GitLab CI YAML Include Architecture and Modular Configuration

The architecture of modern continuous integration and continuous deployment pipelines necessitates a move away from monolithic configuration files. As projects scale, the .gitlab-ci.yml file often becomes an unmanageable behemoth, leading to configuration drift, merge conflicts, and significant maintenance overhead. GitLab addresses this challenge through the include keyword, a powerful mechanism that allows developers to modularize their pipeline definitions by splitting them across multiple files. This capability transforms the CI configuration from a static script into a dynamic, composable system where common patterns can be reused across different projects, branches, or environments.

The include functionality is not merely a file-concatenation tool; it is a sophisticated merging engine. When GitLab parses a pipeline, it evaluates all included files and merges them into a single effective configuration. This process allows for the centralization of governance—such as security scans or compliance checks—while permitting individual project teams to define specific build and test logic. By leveraging nested includes, templates, and conditional rules, organizations can implement a hierarchical configuration strategy that balances global standardization with local flexibility.

Modularization Strategies via Include Sub-keys

GitLab provides several distinct methods for incorporating external YAML configurations, each tailored to a specific architectural need. These are implemented as sub-keys under the primary include keyword.

Local File Inclusion

The include:local sub-key is the primary method for restructuring a pipeline within a single repository. It allows a developer to reference a file using a relative path from the project root.

  • Direct Fact: Use include:local to reference YAML files located within the same project.
  • Impact Layer: This enables the separation of concerns. For instance, a project can have a dedicated ci/build.gitlab-ci.yml for compilation and a ci/test.gitlab-ci.yml for quality assurance, preventing the main .gitlab-ci.yml from becoming thousands of lines long.
  • Contextual Layer: This is the simplest form of modularization and serves as the foundation for more complex structures, such as the .gitlab/ci/ directory pattern used in Python projects to house common aspects of the CI pipeline definition.

Project-Based Inclusion

When a configuration is useful across multiple projects within the same GitLab instance, include:file (or the project-specific syntax) is employed.

  • Direct Fact: This method allows the inclusion of a YAML file from a different project on the same GitLab instance.
  • Impact Layer: This is critical for platform engineering teams who maintain "golden paths" or standardized pipeline templates.
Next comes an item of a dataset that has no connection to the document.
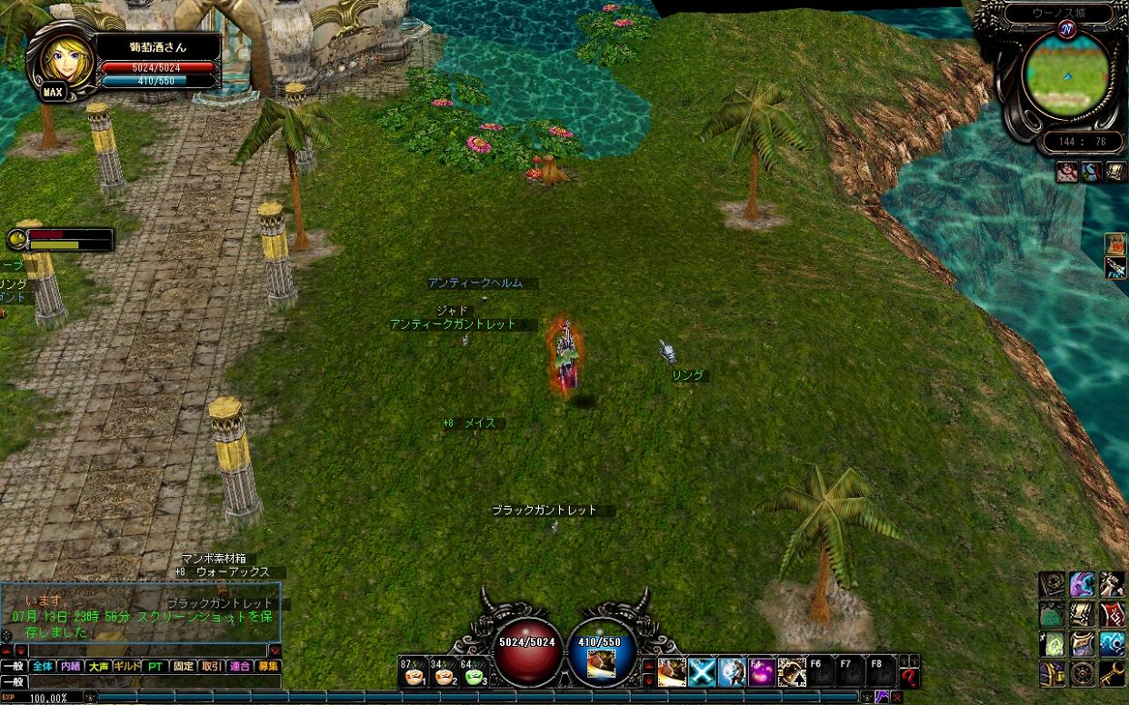 ご無沙汰してます・・・^^最近はエクワールドでバル(グレイビー Lv108)に続き支援パラ(葡萄酒さんLv116)育成中です。つまりどう言う事かと言うと図書館その他狩場での成長探しが出来て無いという事です^^;支援パラは毎日アビス通いでクロが溜まりません、そこで以前の補正ハンマーを貰えるイベントでKクラの買い置きを小出しにPS売りしてます、それとドロップアイテムで高く売れるアンケロ、マナストーンの破片など探しに行ってます、図書館もたまに行ってますが飽きたのか何回も往復する事がおっくうに感じて中々続きません、もっとも今支援パラのLv上げをメインにしてますから、それ以外の狩りは中々出来てないのが実情ですね、そんなこんなで3ヶ月が過ぎてたんですねw。今日はエクでのアビス支援が中々無くて、たまには図書館でもと思いアリ鯖1、2を1回づつ登ってみましたがやはりドロップが良くなくて・・・^^;ラピ1鯖に戻りウーノス島で以前カーラ拾った辺りで狩って見ましたw突然「ガシャ」と言う武器が落ちる時の音と共に金色の文字が・・・そうです3ヶ月ぶりの成長ドロップが来ましたwラピ1鯖 ウーノス島 ヒドゥンビレッジ入り口付近時間と座標はSS参照してねタムファーでしたw雑魚はスピナーでしたアイテム欄もこんな感じウーノス島のこの付近では、魚からアンケロ、マナストーンの破片も拾ってます以前はやはり魚からカーラも拾ってますし、時々狩って見るのもいいかも^^

Instead of copying and pasting YAML across fifty projects, they maintain one central repository of CI logic.
  • Contextual Layer: This shifts the maintenance burden from the individual developer to a centralized maintainer, ensuring that a security update to a build script is propagated to all projects simultaneously.

Remote File Inclusion

For organizations operating across multiple GitLab instances or utilizing external configuration sources, include:remote provides the necessary bridge.

  • Direct Fact: The include:remote sub-key fetches a YAML file from an external URL.
  • Impact Layer: This allows for the sharing of CI logic across entirely different organizational boundaries or different GitLab installations, facilitating a "Configuration as Code" approach that transcends a single instance.
  • Contextual Layer: While powerful, this introduces a dependency on external network availability and the security of the remote host.

Template-Based Inclusion

GitLab provides a vast library of sophisticated reference templates that can be integrated using include:template.

  • Direct Fact: include:template allows the use of official GitLab CI/CD templates or custom-defined templates.
  • Impact Layer: Noobs and tech enthusiasts can quickly bootstrap their pipelines using industry-standard configurations for languages like Python without writing YAML from scratch.
  • Contextual Layer: Users must be aware that official templates are subject to change over time, meaning a pipeline that works today might require updates if the underlying GitLab template is modified.

The Merging Engine and Configuration Overrides

The process of combining the main .gitlab-ci.yml with included files is known as merging. This is not a simple append operation but a logical merge of YAML objects.

Array Merging Limitations

One of the most critical technical constraints of the GitLab merging engine is how it handles arrays, such as the script section of a job.

  • Direct Fact: You cannot add or modify individual items within an array during the merge process.
  • Impact Layer: If an included template defines a script array, and the main file defines a script array for the same job, the main file's array completely replaces the template's array.
  • Contextual Layer: To achieve a "combined" script, the developer must explicitly repeat all previous commands from the template and then add the new command.

Example of Array Overwrite:

If autodevops-template.yml contains:
yaml production: stage: production script: - install_dependencies - deploy

And .gitlab-ci.yml contains:
yaml include: 'autodevops-template.yml' stages: - production production: script: - install_dependencies - deploy - notify_owner

The resulting job will execute all three commands. However, if the developer only wrote - notify_owner, the install_dependencies and deploy steps would be deleted from the final execution.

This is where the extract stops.